§ Goal of the exercise
The answer must be an exact copy of the lines from the one with "项目交通优势同样突出。直线距" to the last line of the entries below, both included, and must contain no pictures.

§ Record set
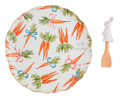 2-piece set. Hand-painted stoneware platter. Comes with wooden spatula with bunny handle.
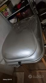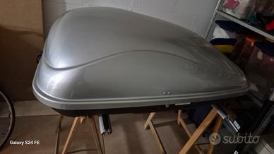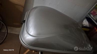 Box per auto da 350l in plastica abs impermeabile. Colore grigio argento con base nera. Con serratura sicura. Aerodinamico. Si adatta a tutte le barre da tetto.
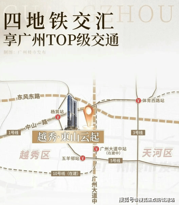 项目交通优势同样突出。直线距离地铁5号线杨箕站约700米,距五羊邨站、体育西路站约800米,三大站点环绕,无缝接驳天河、海珠、荔湾等核心区域。更值得期待的是,地铁10号线预计将于2025年通车,其广州大道中站距项目仅约400-500米,未来将进一步强化区域通达性。
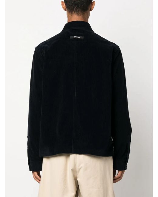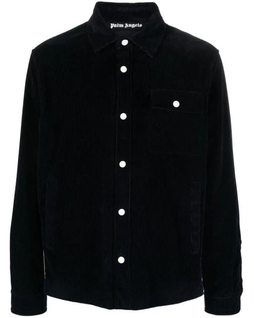 Black cotton corduroy classic collar long sleeves chest patch pocket crochet stripes straight hem Size: 48. Gender: Male. Material:Cotton/Cupro. Colour: black
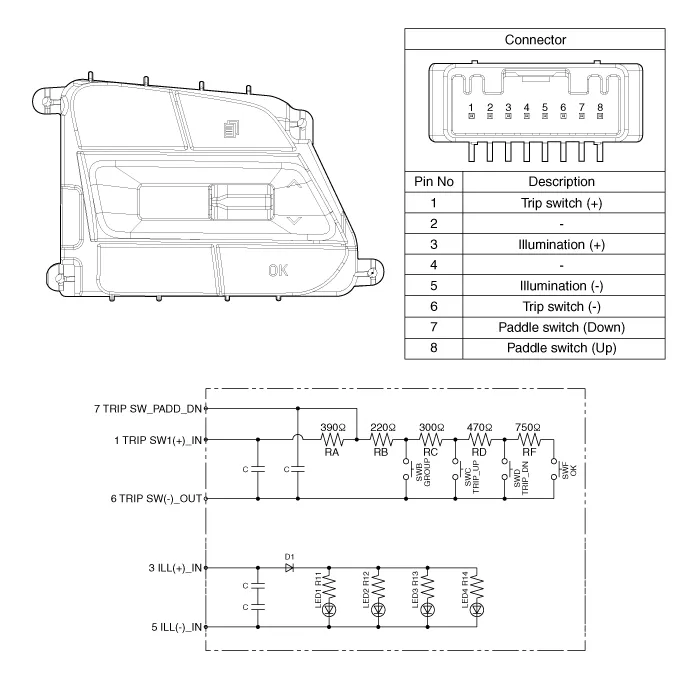 | 2. | Check for resistance between terminals in each switch position (RH).
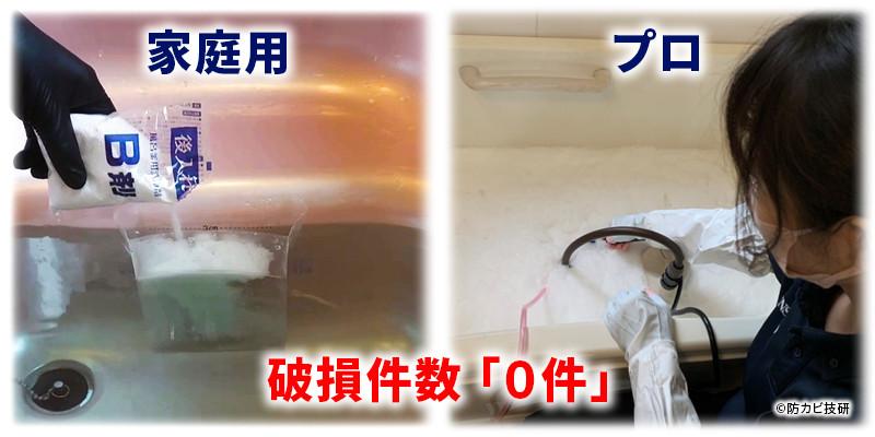 2025年9月時点、当研究所が監修する企業の累計出荷は、ガス給湯器・エコキュート対応の風呂釜洗浄剤で10万本超(当研究所調べ)に達しています。 また、当研究所の会員アンケートによる「家庭用給湯器(ガス給湯器・エコキュート)の破損件数に関する調査※」では、施工報告ベースで破損は確認されていません。
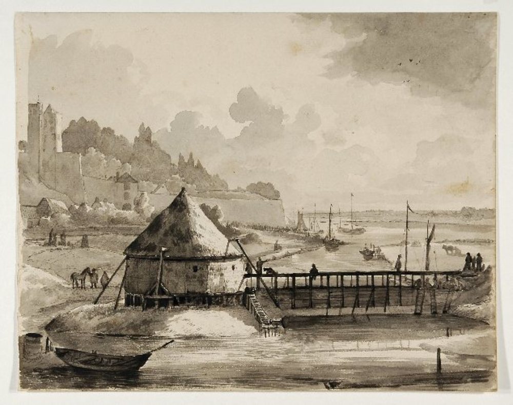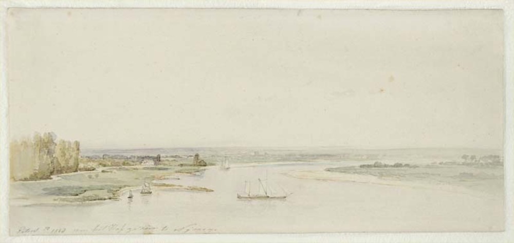 Gezicht vanaf het Valkhof op de Waal naar het oosten

§ Task response
 项目交通优势同样突出。直线距离地铁5号线杨箕站约700米,距五羊邨站、体育西路站约800米,三大站点环绕,无缝接驳天河、海珠、荔湾等核心区域。更值得期待的是,地铁10号线预计将于2025年通车,其广州大道中站距项目仅约400-500米,未来将进一步强化区域通达性。
 Black cotton corduroy classic collar long sleeves chest patch pocket crochet stripes straight hem Size: 48. Gender: Male. Material:Cotton/Cupro. Colour: black
 | 2. | Check for resistance between terminals in each switch position (RH).
 2025年9月時点、当研究所が監修する企業の累計出荷は、ガス給湯器・エコキュート対応の風呂釜洗浄剤で10万本超(当研究所調べ)に達しています。 また、当研究所の会員アンケートによる「家庭用給湯器(ガス給湯器・エコキュート)の破損件数に関する調査※」では、施工報告ベースで破損は確認されていません。
 Gezicht vanaf het Valkhof op de Waal naar het oosten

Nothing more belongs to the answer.